If the variance within the data is high enough, the Kullback-Leibler Divergence (KLD) can be computed to assess the dissimilarity of distributions between the identified negatives and the other groups:

# Extend the unlabeled group by one sample to fulfill variance requirements
X = np.array([[0.2, 0.1], [0.1, 0.15], [0.25, 0.2], [0.2, 0.3], [0.5, 0.7], [0.6, 0.8]])
list_labels = [[1, 1, 2, 0, 0, 2], [1, 1, 0, 2, 0, 2], [1, 1, 0, 0, 2, 2]]

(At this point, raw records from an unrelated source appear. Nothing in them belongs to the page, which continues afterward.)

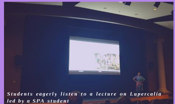
Students eagerly listen to a lecture on Lupercalia led by a SPA student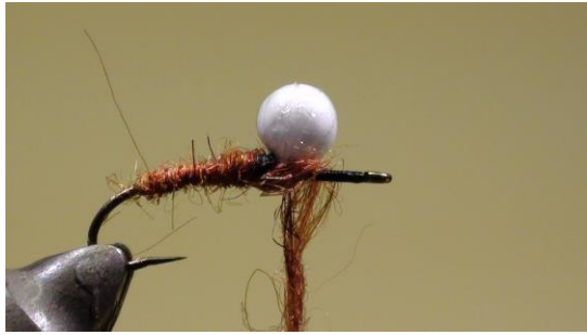
9 Wind the rear part of the body with the dubbed thread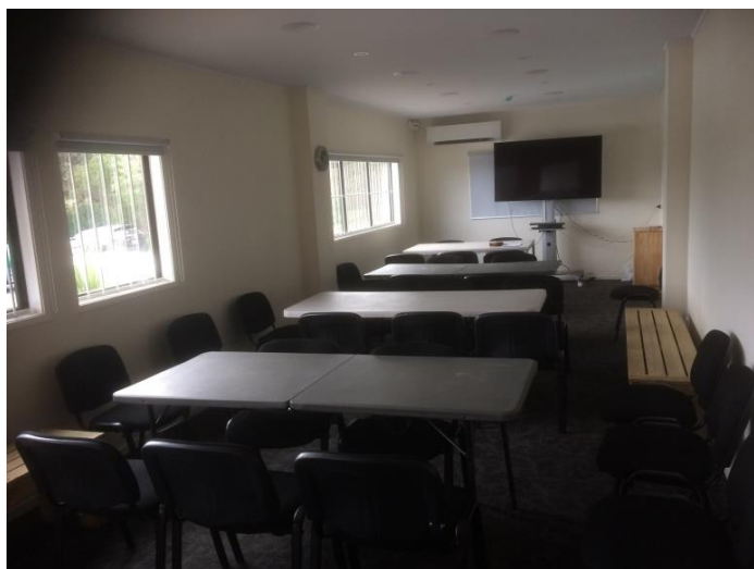
Our new meeting room ready for action.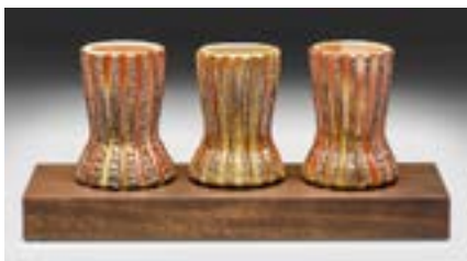
PAUL MCCOY Waco, TX Triptych I 8" x 18" x 6.5" $600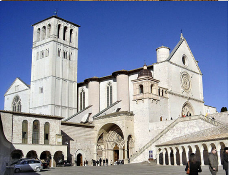
St. Francis Basilica, Assisi

**FORM OF PAYMENT FOR $500 NON-REFUNDABLE DEPOSIT Airline & hotels require non-refundable deposits next week to hold space for this once-in-a lifetime event. $500 per person payable by MC, Visa or Discover credit or debit card is due as soon as possible.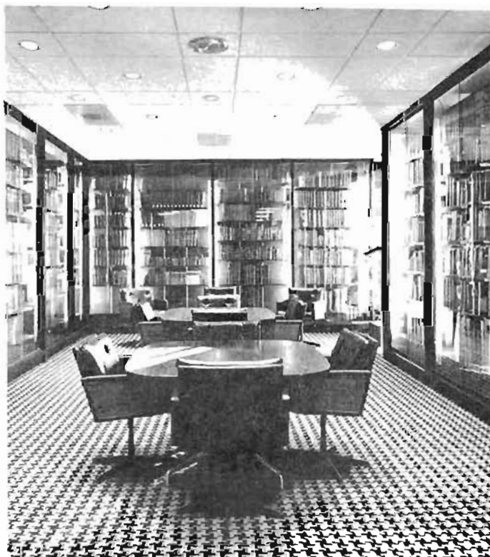
THE CORDELL ROOM: Portion of the English Language Dictionary holdings.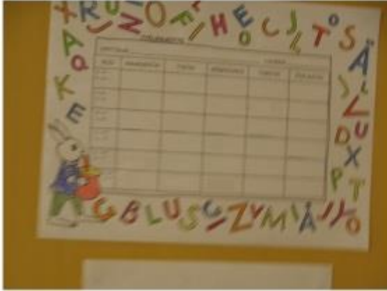
Figure 7. I don’t have any influence on what we do in school.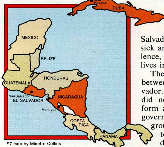
PT map by Minette Collins

sumed at first to encourage "moderates" within the Sandinista-dominated junta—has been stopped. This only permits the government to blame Washington for the economic mess. America is the "bad boy" once more.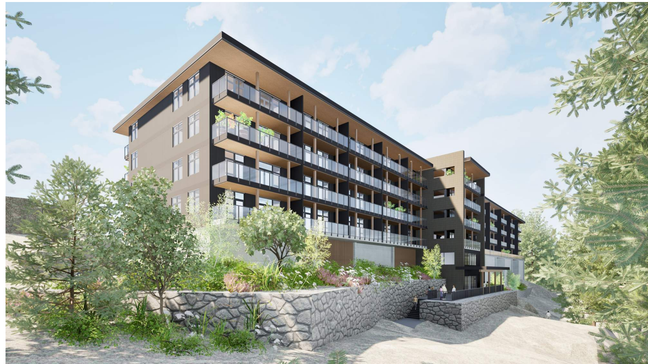
RENDERING OF NORTH - EAST BUILDING ELEVATION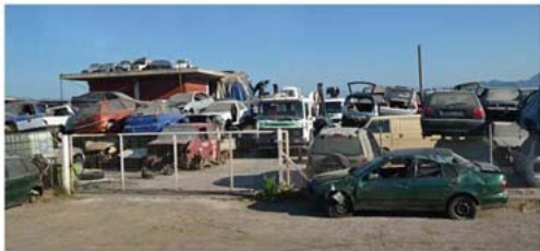
a typical view across Greece and Croatia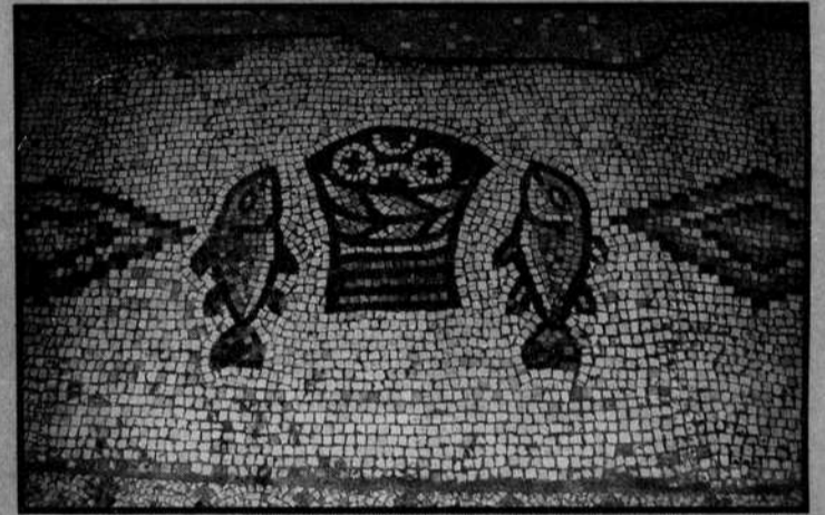
Fish and leaves scene from mosaic floor of late Constantinian church at Tabgha, near Capernaum

The University of Oregon Department of Religious Studies presents the 2004-5 Gaston Lecture in Christianity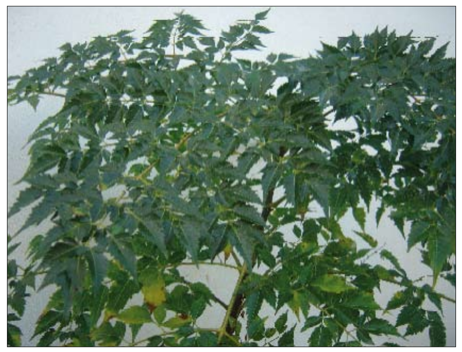
The leaves of the umsilinga (Melia azedarach)are used by the Swazis to prepare medicine for vomiting, running stomach, ulcers, high blood pressure, de-worming dogs and treating wounds in livestock.

companies who have been accused of using the knowledge of the traditional healers to develop new drugs without giving them a fair share of the profits. This breach of intellectual property rights is of great concern not only in Swaziland but also in all the other three countries studied.

df_eval = dpul.eval(X, list_labels=list_labels, names_datasets=names_datasets, X_neg=X_neg, comp_kld=True)
aa.display_df(df_eval)
  name n_rel_neg avg_STD avg_IQR avg_abs_AUC_pos avg_KLD_pos avg_abs_AUC_unl avg_KLD_unl avg_abs_AUC_neg avg_KLD_neg
1 Dataset 1 2 0.175000 0.175000 0.437500 1.414400 0.125000 0.003100 0.187500 0.181300
2 Dataset 2 2 0.187500 0.187500 0.500000 1.366900 0.125000 0.003300 0.187500 0.104100
3 Dataset 3 2 0.037500 0.037500 0.437500 1.016800 0.500000 30.317900 0.500000 12.020200

Further parameters. dPULearn.eval also accepts: n_jobs — Number of CPU cores (>=1) used for multiprocessing.